For purposes of this Section 9, "public announcement" shall mean disclosure in a press release reported by the Dow Jones News Service, Associated Press or a comparable national news service or in a document publicly filed by the Corporation with the Securities and Exchange Commission pursuant to Section 13, 14 or 15(d) of the Exchange Act.

Notwithstanding the foregoing provisions of this Section 9, a stockholder shall also comply with all applicable requirements of the Exchange Act and the rules and regulations thereunder with respect to matters set forth in this
Section 9. Nothing in this Section 9 shall be deemed to affect any rights of stockholders to request inclusion of proposals in the Corporation's proxy statement pursuant to Rule 14a-8 under the Exchange Act.

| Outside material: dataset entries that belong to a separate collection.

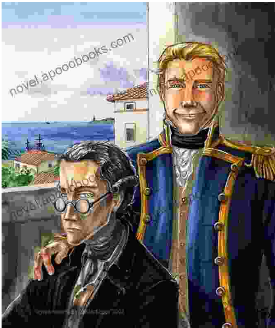
Surgeon Stephen Maturin: The Mind and Heart of the HMS Surprise

Captain Jack Aubrey is the larger-than-life protagonist of the Master and Commander series. A brilliant naval strategist and a fearless leader, Aubrey embodies the spirit of the Royal Navy. With his infectious enthusiasm and unwavering optimism, he inspires loyalty and admiration from his crew.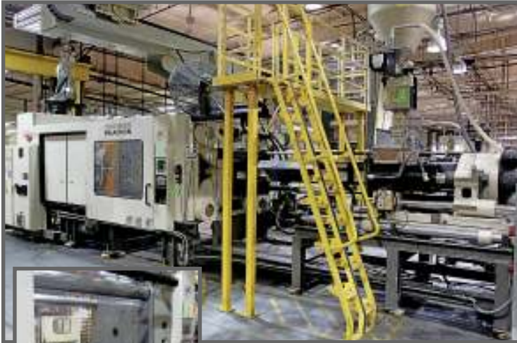
CINCINNATI MILACRON 850 TON INJECTION MOLDER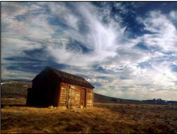
“Bodie Cabin” by Willis Price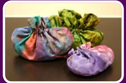
(above) handmade silk 'treasure bags' by Helen Cutting $13 each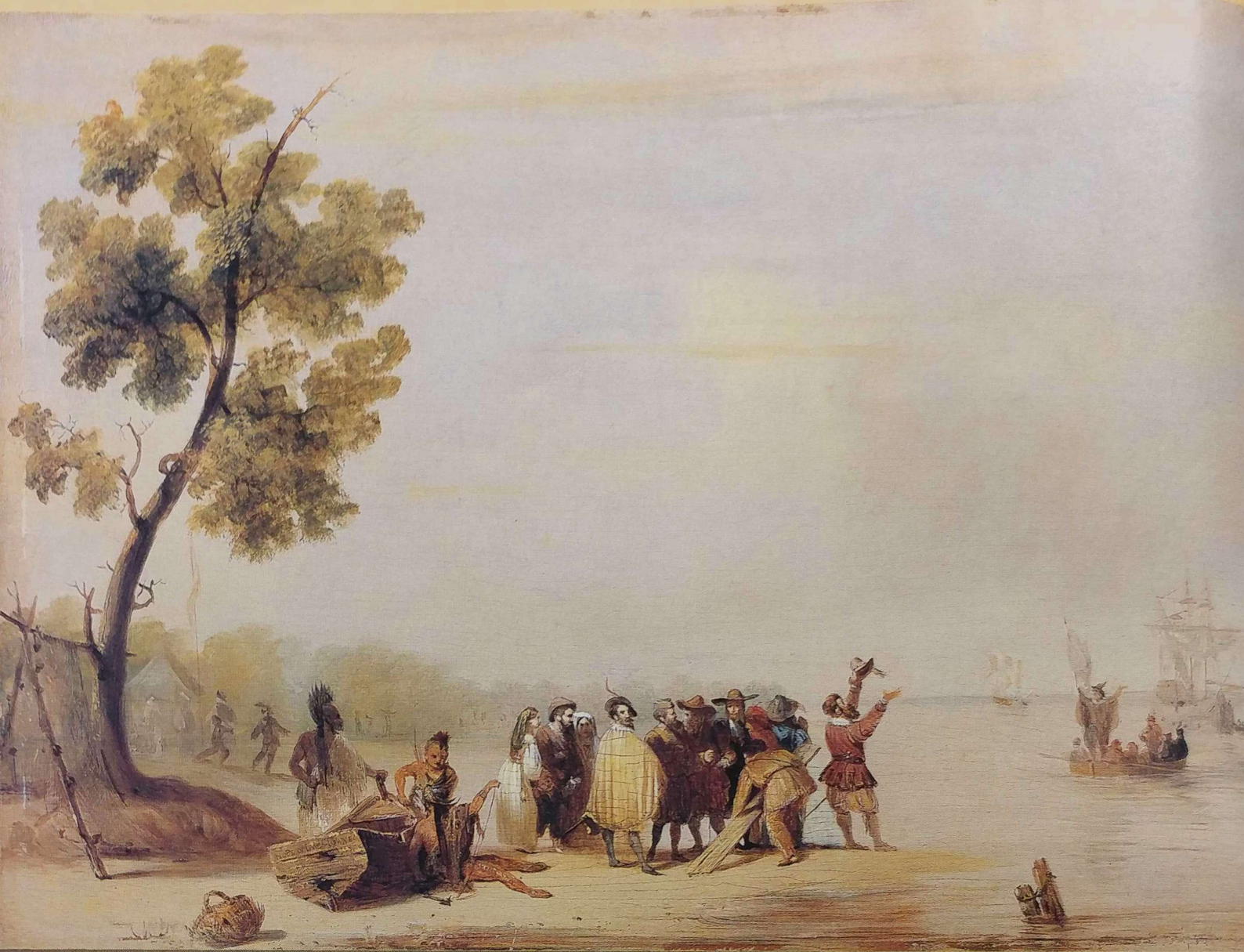
John Gadsby Chapman, Good Times in the New World (The Hope of Jamestown) , 1841, Oil on panel, 7 7/8" H x 11 1/2" W. Virginia Museum of Fine Arts, Richmond. The Paul Mellon Collection.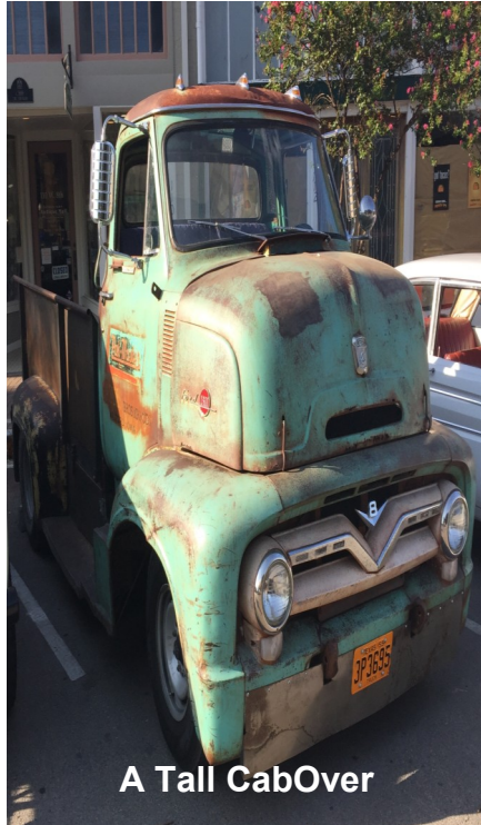
A Tall CabOver

Section 10. Action Without Meeting. Unless otherwise provided in the Certificate of Incorporation, any action required or permitted to be taken by stockholders for or in connection with any corporate action may be taken without a meeting, without prior notice and without a vote, if a consent or consents in writing, setting forth the action so taken, shall be signed by the holders of outstanding stock having not less than the minimum number of votes that would be necessary to authorize or take such action at a meeting at which all shares entitled to vote thereon were present and voted and shall be delivered to the Corporation by delivery to its registered office in Delaware, its principal place of business, or an officer or agent of the Corporation having custody of the book in which proceedings of meetings of stockholders are recorded. Deliveries made to the Corporation's registered office in Delaware shall be by hand or certified or registered mail, return receipt requested. Each such written consent shall bear the date of signature of each stockholder who signs the consent. No written consent shall be effective to take the corporate action referred to therein unless written consents signed by a number of stockholders sufficient to take such action are delivered to the Corporation in the manner specified in this paragraph within sixty (60) days of the earliest dated consent so delivered.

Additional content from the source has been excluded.